In some ways this was a very familiar story, even though I’ve never seen it before.
It’s set in a holiday camp/resort  I was immediately put in mind of the Sylvester McCoy story “Delta and the Bannermen”. It strikes me that a holiday camp is a really good setting for a Doctor Who story. It isn’t always easy to take something which should, by rights, be associated with fun and enjoyment, and give it a sinister twist, but when it’s done well you can end up with something memorably chilling. Personally, I’ve always thought of holiday camps as something slightly unpleasant and unwholesome anyway. That very British idea of organized and regimented fun has always struck me as rather oppressive and brought out my rebellious streak.

It’s another chance for the Doctor to take on Totalitarianism  Again, I was reminded of another Sylvester McCoy story, “The Happiness Patrol”, which also portrays a Society in which expressing unhappiness can bring severe penalties. In “The Macra Terror” the travelers have landed on a future Earth colony, where the whole colony is an organized holiday camp. On arrival they are welcomed by The Controller, whose photograph appears on a giant screen, while his booming voice exhorts his fellow colonists to greater efforts in their work. If that puts you in mind of Big Brother from George Orwell’s “1984”, well, it did me too. A little later on, after the travelers have started to ask awkward questions about the colony, efforts are made to reprogram and indoctrinate them during their sleep – again, no doubt inspired by “1984”, and room 101 in particular.

It shouldn’t come as any surprise when you find echoes of Nazism, Fascism and Totalitarianism in some of the societies and civilizations that the Doctor encounters. Most of the writers in the first decade of the show had lived through World War II, and were well aware of the atrocities committed by the totalitarian regimes of Hitler and his contemporaries. Ian Stuart Black, whose last Doctor Who story this was, had served in the war himself, and he wasn’t the only Doctor Who writer to have done so. Totalitarianism was, and still is, an easily recognizable evil.

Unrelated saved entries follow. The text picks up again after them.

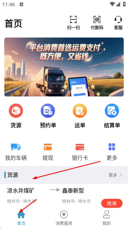 4、登录成功后,进入APP首页,即可开始使用,在首页货源板块查找合适货源。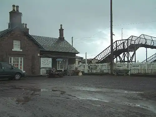 Both the station house and the 1877 signal box still survive, each being listed structures.[2] The latter also operates a barrier level crossing.
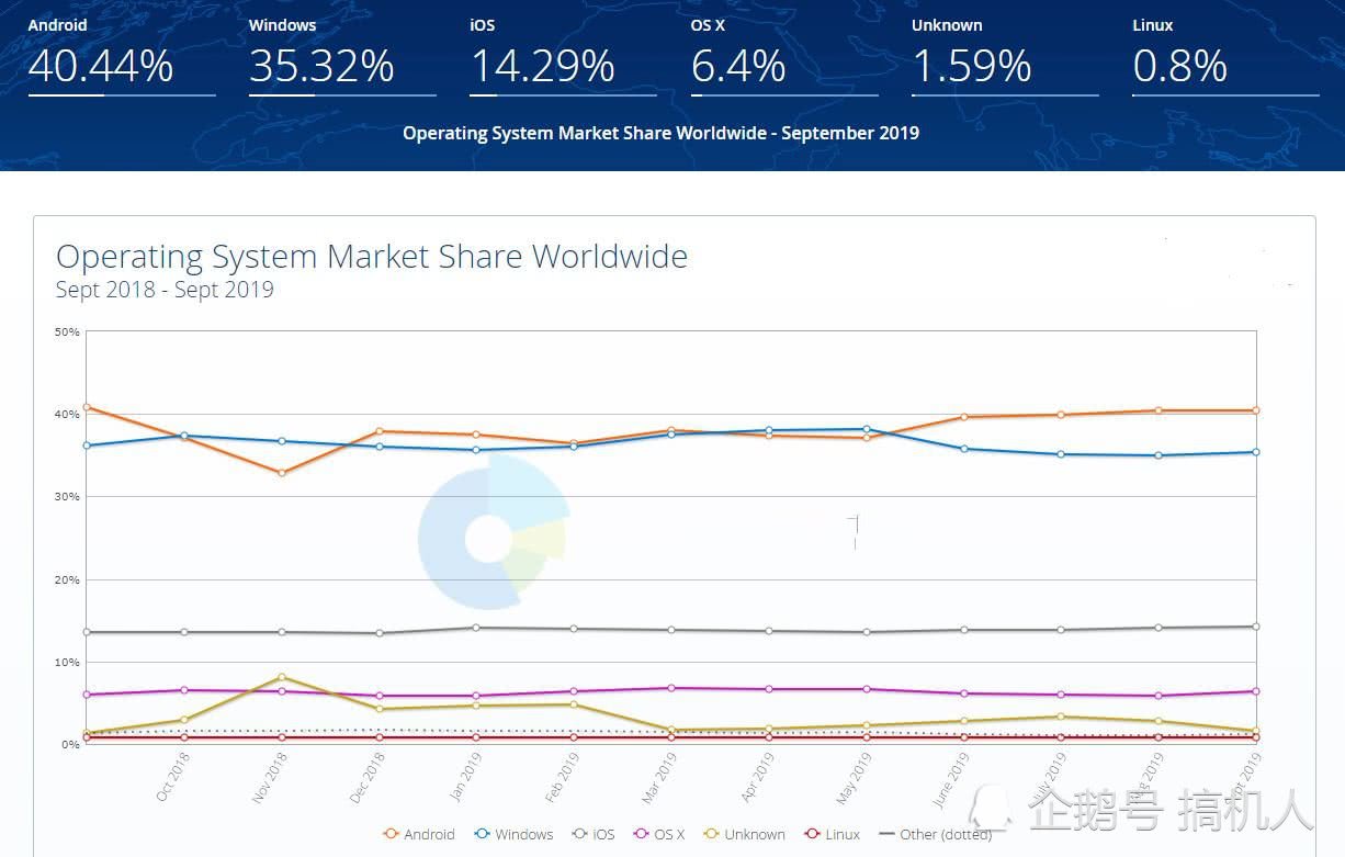 根据机构发布的数据显示,截至到2019年9月份,安卓依旧是全球第一大操作系统,市场份额为40.44%,其次是微软的Windows(主要为PC端),市场份额为35.32%。第三名是苹果的iOS系统,市场份额为14.29%,第四名是苹果的OS X系统,占据了6.4%份额,Linux排名第五,占据了1.59%份额,剩下的就是其他系统。分析师预估,预计年底,鸿蒙系统在中国市场的份额将达到0.1%,到2020年的份额提升到5%。而由于中国市场比较庞大,因此能帮助鸿蒙系统的全球市场份额占到2%,一举超越排名第五的Linux。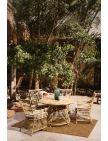 STRUTTURA IN ALLUMINIO VERNICIATO A POLVERE (POLIESTERE) CON EFFETTO RATTAN, INTRECCIO IN FIBRA SINTETICA (TONDO 10MM).CUSCINI SFODERABILI CON TESSUTO IDROREPELLENTE SUNPROOF OLEFIN (100%POLYPROPYLENE). IMBALLO SENZA CARTONE.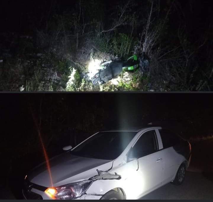 BRUTAL PERCANCE EN LA CARRETERA CAFETAL – MAHAHUAL, MOTO Y CARRO CHOCAN DE FRENTE, EL SALDO ES DOS PERSONAS LESIONADAS DE GRAVEDAD

The interesting aspect of Totalitarianism that “The Macra Terror” sets out to exploit is the way that whole populations can be manipulated, and what can happen to the individual who sees through the exploitation, and tries to alert his fellow citizens. What gives this story slightly more depth is that you come to realise that the humans seemingly oppressing their fellow humans are themselves not evil, but being manipulated by the Macra, which wouldn’t come across without some very good performances from such fine actors as Peter Jeffrey, who plays the Pilot, pretty much the Controller’s deputy on the ground, if you like.

A companion gets brainwashed, but in the end overcomes the conditioning, and saves the day. In this case, it’s Ben, who succumbs to the nighttime conditioning, and turns in his friends as subversives. The last time we saw this happen was in “The War Machines” where both Dodo and Polly were brainwashed by VOTAN, sorry, WOTAN. Now, I thought that this was well done in the story. In the third Doctor’s era, as we shall see in the fullness of time, all it would take would be for someone to give the Doctor just a hint of a glassy stare and he’d be reaching for a shiny pendant and dehypnotising them. All Troughton’s Doctor does is to keep gently reminding Ben that he’s letting down his friends, and he isn’t acting like he normally does, and eventually it works, and Ben breaks his conditioning. Now, that’s the Doctor.

Giant monsters based on Earth creatures.  Okay, not insects this time, and it’s interesting to speculate why exactly the team who made this one settled on crab monsters. I suppose it’s not unreasonable to suggest that they can look threatening, and they’re not insects, which had already been done.  This is the basic idea. The Macra are in charge of the colony, and have been for a long time. The voice of the Controller is actually the voice of the Macra. The holiday camp fun and games are there to distract the humans from the fact that they are being manipulated. The Macra need the humans to mine gas, which is poisonous to the humans, but essential to the Macra themselves. Which was something different, since I did wonder whether we were going to find out that the Macra were actually farming the humans to eat them eventually. Nope, and that was something.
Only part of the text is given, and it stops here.